Quels conseils Eric Stauffer donnerait-il aux députés taiseux? «Y aller sans complexe et arriver à faire passer ses émotions. C’est le plus compliqué. Les variations dans l’intonation sont importantes, sinon le discours est soporifique.» Et pour la monotonie, rien de pire que la lecture, pratiquée par trop d’élus.

«Albert Rodrik (ndlr: député socialiste au Grand Conseil de 1997 à 2003) m’a dit qu’il était très important de s’exprimer lors de la première séance pour la confiance en soi, complète Romain de Sainte-Marie. Plus on attend, plus c’est difficile de se lancer. Ensuite, on prend goût à cette ambiance d’hémicycle politique.»

Porte-parole ou presse-bouton

Tir groupé au PLR Plus grande formation avec 24 sièges, le PLR est aussi le parti dont la parole est répartie de la manière la plus homogène au Grand Conseil, selon l’indicateur statistique de l’écart type. Jean Romain, l’élu le plus prolixe du groupe, n’a prononcé que 27260 mots. Il est le 23e plus bavard des 100 députés.
Le MCG, parti des extrêmes Deuxième plus grande formation avec 17 députés (20 en début de législature), le MCG est le parti où la parole est distribuée de la manière la moins homogène. Quatre élus ont dit entre 35 000 et 70 000 mots, tandis que les dix plus taiseux en ont prononcé entre 0 et 2200.

«A l’UDC et au MCG, un ou deux députés sont comme les porte-parole du parti. Les autres sont là pour voter.» La formule émane de la députée PS Isabelle Brunier. Les statistiques vont dans son sens: ces partis sont les deux plus déséquilibrés au niveau des temps de parole. Lorsqu’Eric Stauffer a quitté le parti, le MCG a perdu sa place de bon dernier sur l’échelle de l’équilibre pour se hisser au rang d’avant-dernier (bonnet d’âne pour Ensemble à Gauche). «L’électroencéphalogramme du MCG est plat. Où sont tous ces leaders que j’empêchais d’émerger?» regrette Eric Stauffer.

«Nous sommes une formation de 17 députés, rappelle Sandro Pistis, le chef du groupe MCG. Les prises de parole sont limitées de manière égalitaire pour tous les partis, ce qui péjore les grandes forces politiques comme la nôtre.» Stéphane Florey, chef du groupe UDC, relève aussi la difficulté à répartir la parole dans son parti: «Nous sommes deux par commission.

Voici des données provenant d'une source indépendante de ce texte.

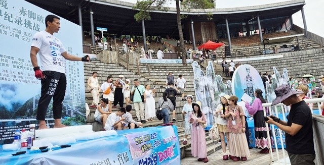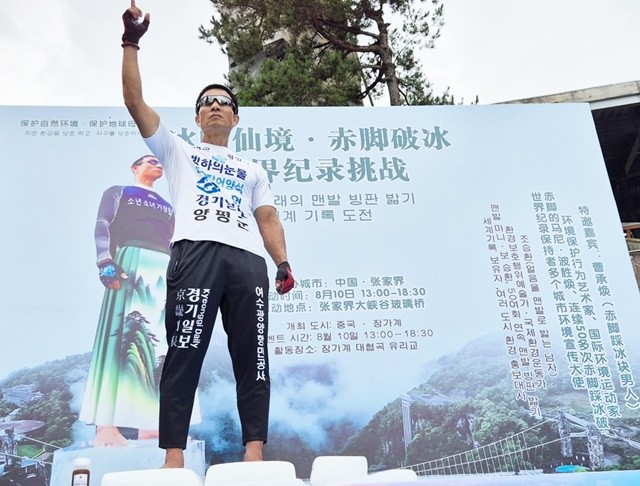 [위키트리 광주전남취재본부 노해섭 기자]국제 환경운동가이자 고흥군 홍보대사인 조승환 씨가 중국 장자제에서 ‘얼음 위 맨발 오래 서있기’ 세계기록을 경신했다.
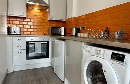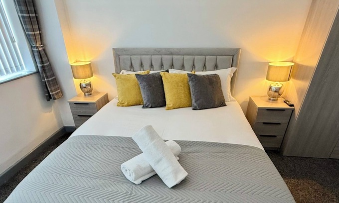 The Victoria! Family Apartment 202, a stunning one-bedroom apartment. Just a 4-minute walk to the town centre, this beautifully finished apartment features a king-size bed, a comfortable sofa bed, a fully equipped kitchen, an integrated oven and hob, fridge-freezer, and washing machine, modern bathroom, Wi-Fi, secure entry, Just 0.5 miles from Halifax Station with links to Leeds, Bradford, and Manchester. A perfect base for exploring the local sites and the beautiful West Yorkshire countryside.
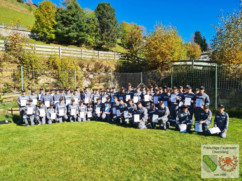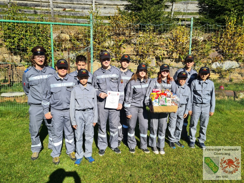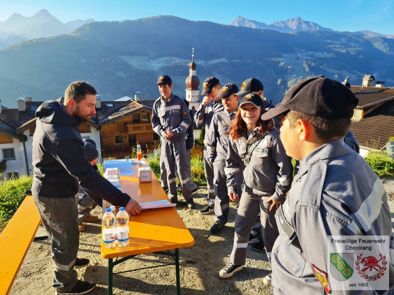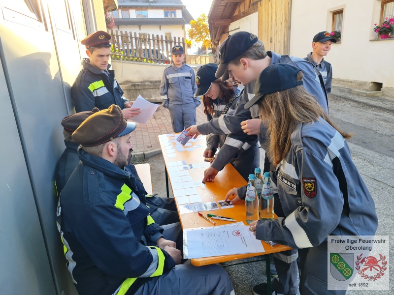Die danach folgende Jugendleistungsprüfung kann von allen Teilnehmern der Gruppe "Olang" erfolgreich abgeschlossen werden. Hierbei wird einiges Feuerwehr-Wissen abgefragt. Stifter Felix besteht erfolgreich die Stufe Gold.
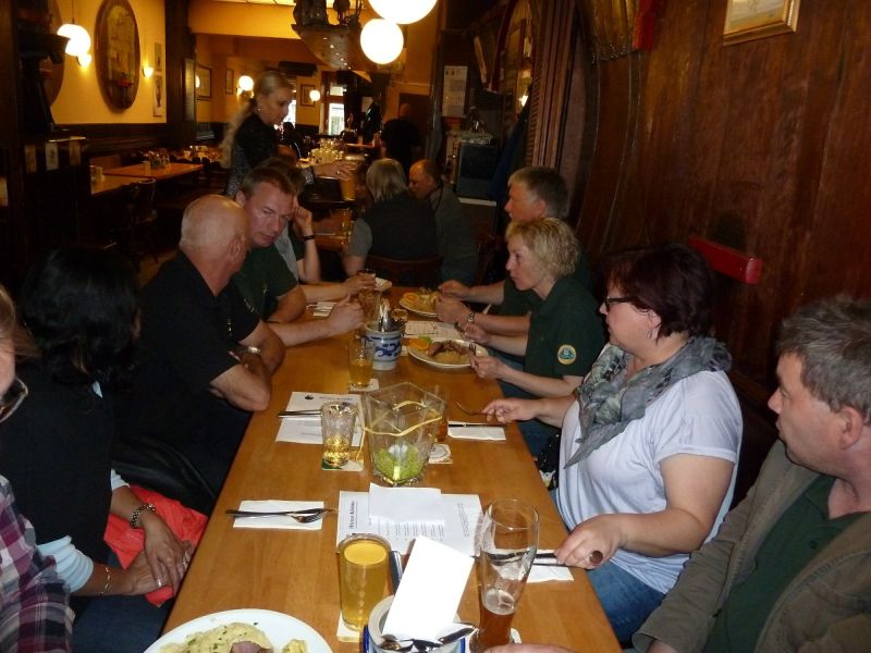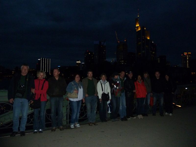 Am ersten Tag, Donnerstag, den 09.05.2013, kamen viele erst abends an. Nach einer wie immer herzlichen Begrüßung trafen sich alle, nachdem die Koffer auf den Zimmern verstaut waren, auf der Dachterrasse des Hotels „Schöne Aussicht“. Das Hotel machte seinem Namen alle Ehre, die Aussicht über Frankfurt war wirklich einzigartig. Der erste Durst wurde gestillt und die neuesten Neuigkeiten ausgetauscht. Für das Abendessen hatte Markus einen gesonderten Raum für uns reservieren lassen. Da die Spargelsaison begonnen hatte, bestellten mehr als die Hälfte das Spargelmenü. Nach dem Essen hielten wir unseren offiziellen Clubabend ab, bei dem Herbert noch einiges über unseren Club berichtete. Markus erläuterte das Programm für den nächsten Tag. An diesem Abend wurde es nicht spät (die Clubmitglieder werden halt älter). Die meisten gingen auch schon früh zu Bett (Michael Bartsch musste noch fernsehen, obwohl Mirjam dabei war!?, sonst schläft er nicht ein), da am nächsten Tag die Sightseeing Tour durch Frankfurt angesagt war.
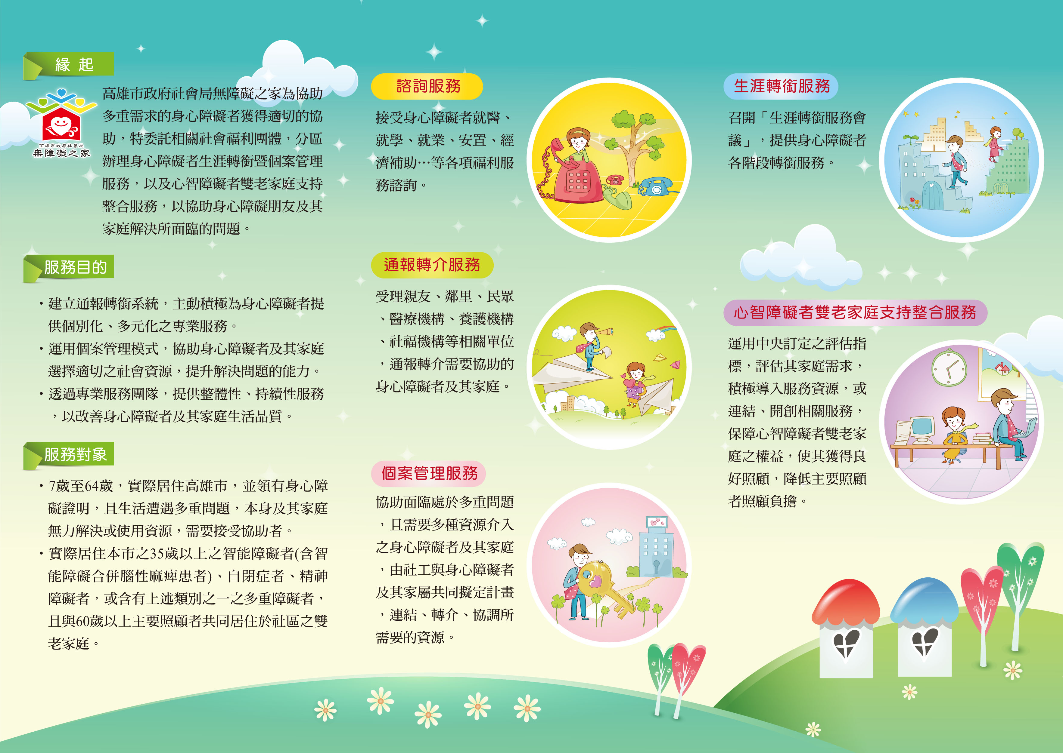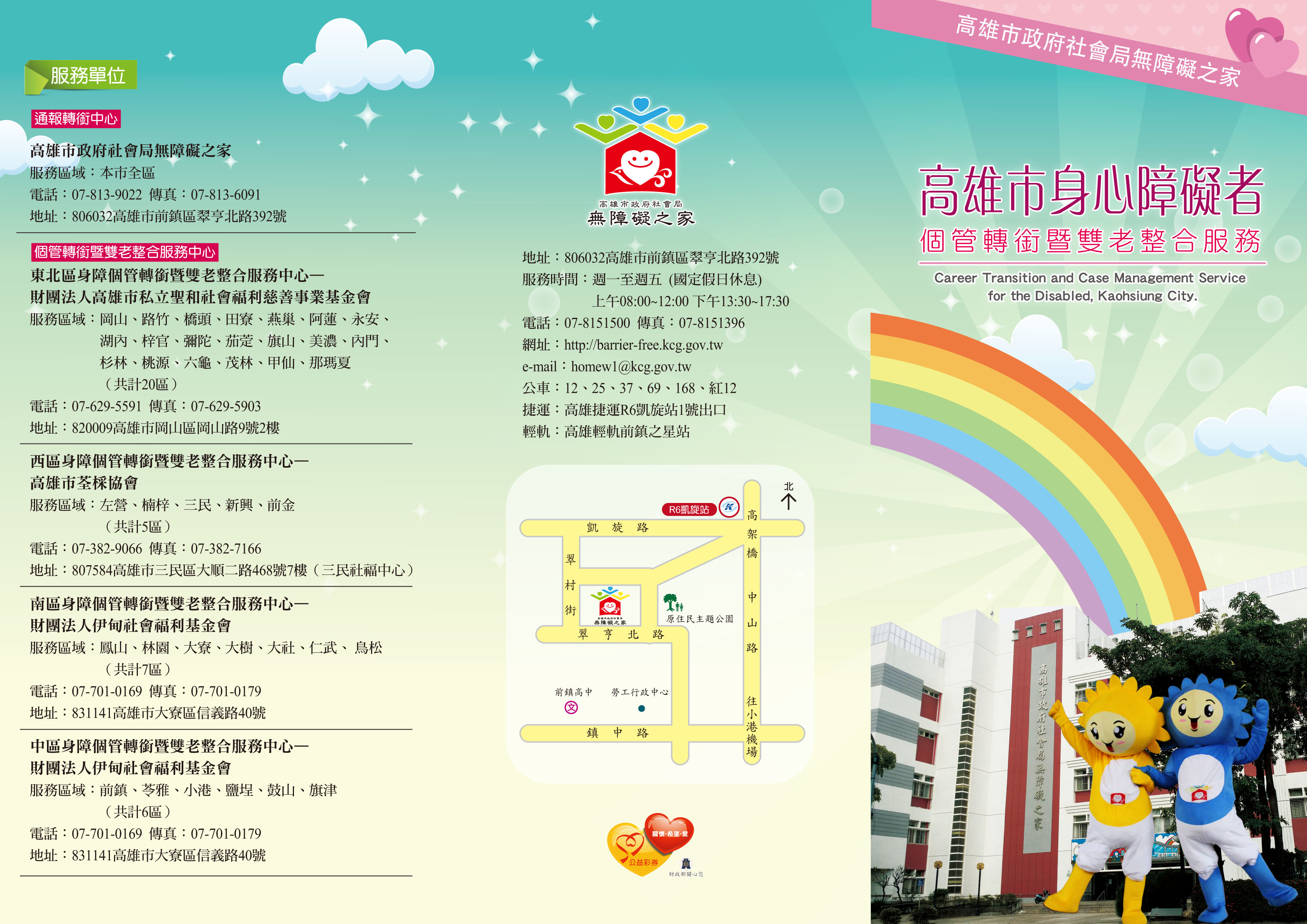 二、本府社會局無障礙之家原辦理「身心障礙者個案管理暨生 涯轉銜服務」,另該局身心障礙科原辦理「心智障礙者雙老家庭服務」,自110年起整併為「身心障礙者個管轉銜暨 雙老整合服務」,由本府社會局無障礙之家為單一窗口, 服務專線電話:07-8139022。
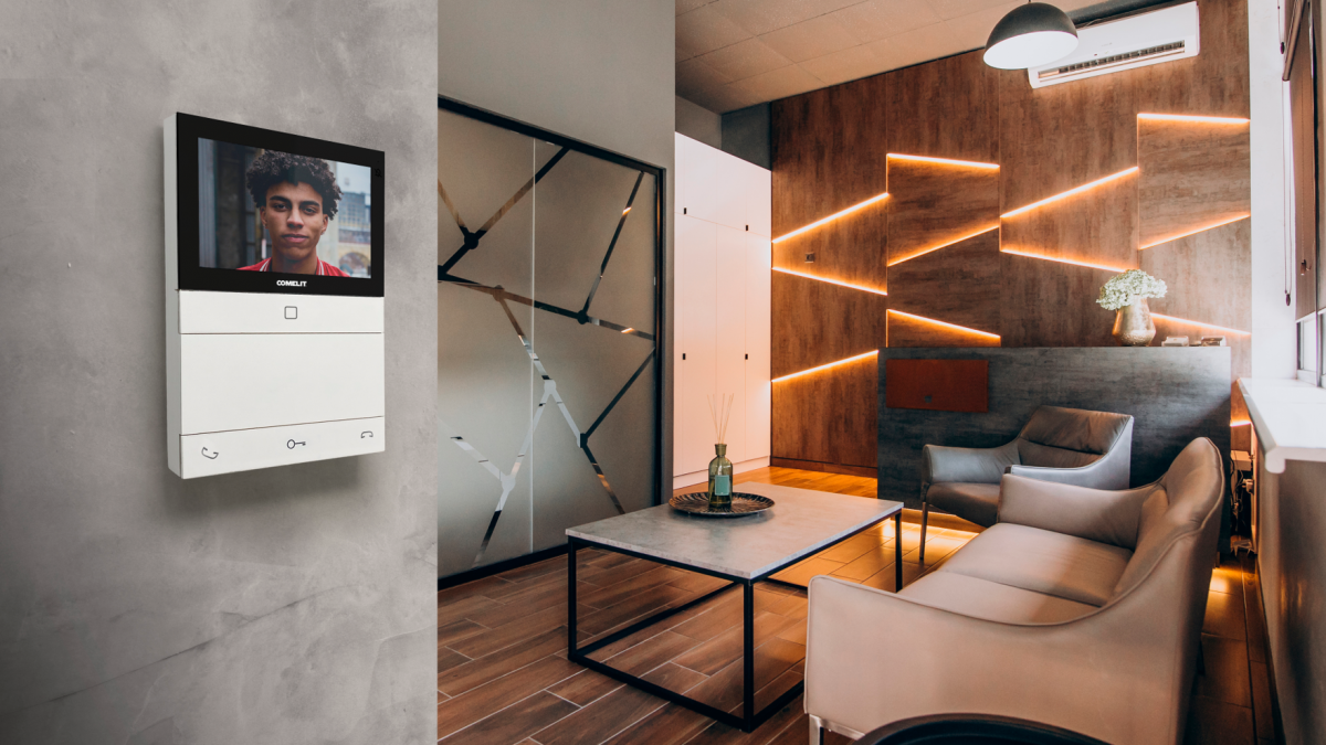 Inovativní Hands free video telefon People s 4,3" TFT displejem 16:9 pro systém Comelit Simplebus 2. Programování lze provést přes vnitřní menu na displeji a nebo pomocí aplikace MyComelit. Obal vyrobený z recyklovaného papíru, potisky vodou ředitelnou barvou, maximálně šetrný k životnímu prostředí.
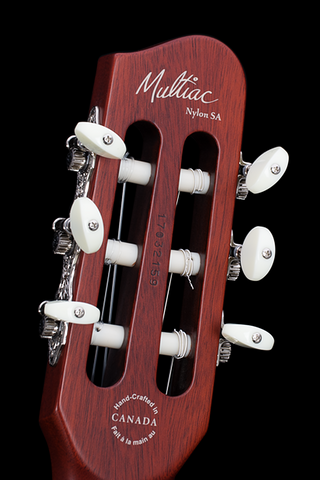 The Multiac Nylon Duet Ambiance features state-of-the-art custom electronics by Fishman, which allow the player to select between 4 individual mic settings. Choose between these blendable sound imaging mics via the 4-way switch. Ideal for players looking for an incredible amplified nylon string sound and feel in a live and loud band setting with virtually no feedback.
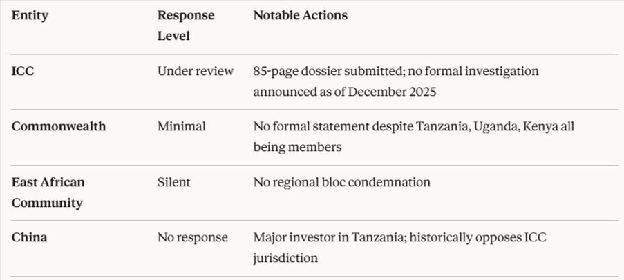 The international response to Tanzania’s post-election violence has been unprecedented in its breadth and condemnation, though critics argue it remains insufficient given the scale of atrocities.
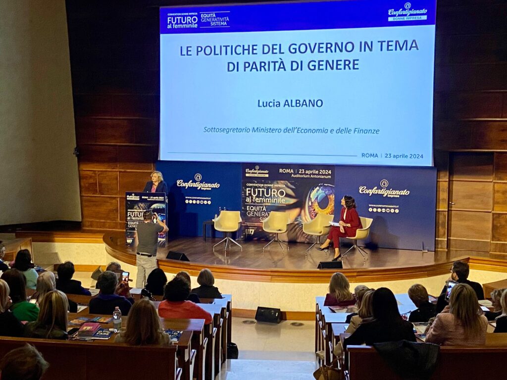 E’ il messaggio portato dalla Ministra per le pari opportunità e la famiglia Eugenia Roccella e dal Sottosegretario al Ministero dell’economia e finanze Lucia Albano alla Convention di Donne Impresa Confartigianato dal titolo “Futuro al femminile. Equità, generatività, sistema”, svoltasi Martedì 23 Aprile a Roma.
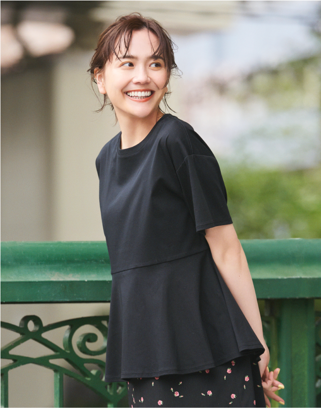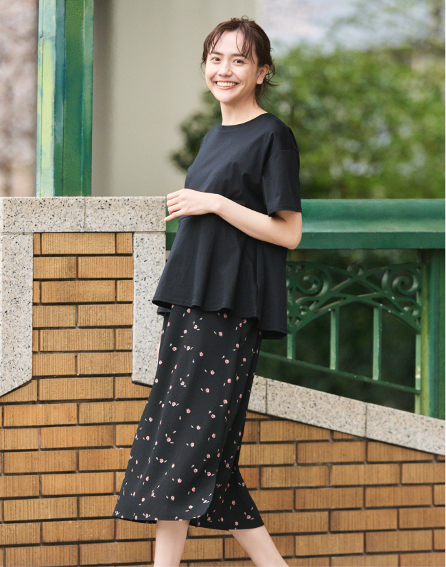 軽やかなシルエットと心地いい素材を満喫する、初夏のオールブラックスタイル。インナーにすっきりシルエットのワンピースを合わせて、トップスのフレア感を強調。可憐な花柄がワントーンスタイリングのキュートな味付けに。
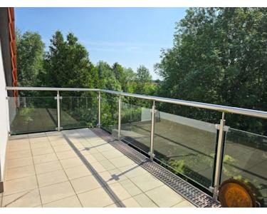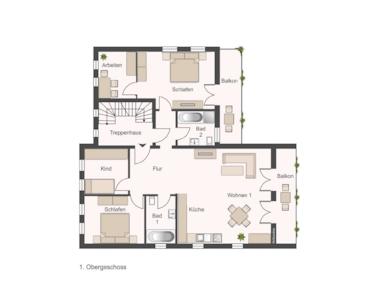 Die Wohnung im Obergeschoss bietet auf ca. 119 m² fünf gut geschnittene Zimmer, einen offenen Wohn- und Essbereich mit ca. 38 m² Fläche sowie zwei Bäder. Zwei große Balkone ermöglichen entspannte Ausblicke ins Grüne und machen die Wohnung zu einem perfekten Rückzugsort für Familien.
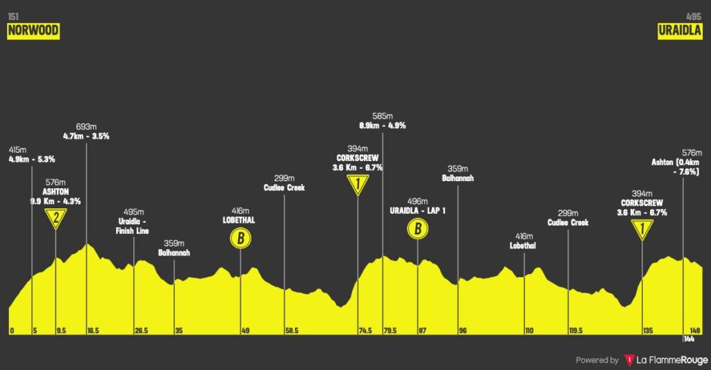 Con 148,1 kilómetros de recorrido a través de un trazado montañoso, la segunda etapa en línea de la presente edición del Tour Down Under se presenta como el primer gran examen en la carrera por la clasificación general. La doble ascensión al célebre ‘Corkscrew’ apunta a ser el punto clave en el que se abran diferencias entre los candidatos y el resto del pelotón.

Dans la paire, il y a souvent un leader expérimenté plus à l’aise à l’oral. Ils se répartissent les prises de parole comme ils l’entendent. Nous n’obligeons personne à s’exprimer.» Quant à Ensemble à Gauche, miné par des scissions internes, Pierre Vanek le présente comme «un petit groupe dont le nombre ne se prête pas vraiment à un traitement statistique».

«Dans les partis qui comptent plus d’un commissionnaire, c’est vrai que la forte tête s’exprimera plus facilement. Mais cela n’empêche pas un certain équilibre», tempère la Verte Sarah Klopmann. Le PLR, plus grande force politique du parlement, avec vingt-quatre élus, est le parti où la parole est répartie de la manière la plus uniforme.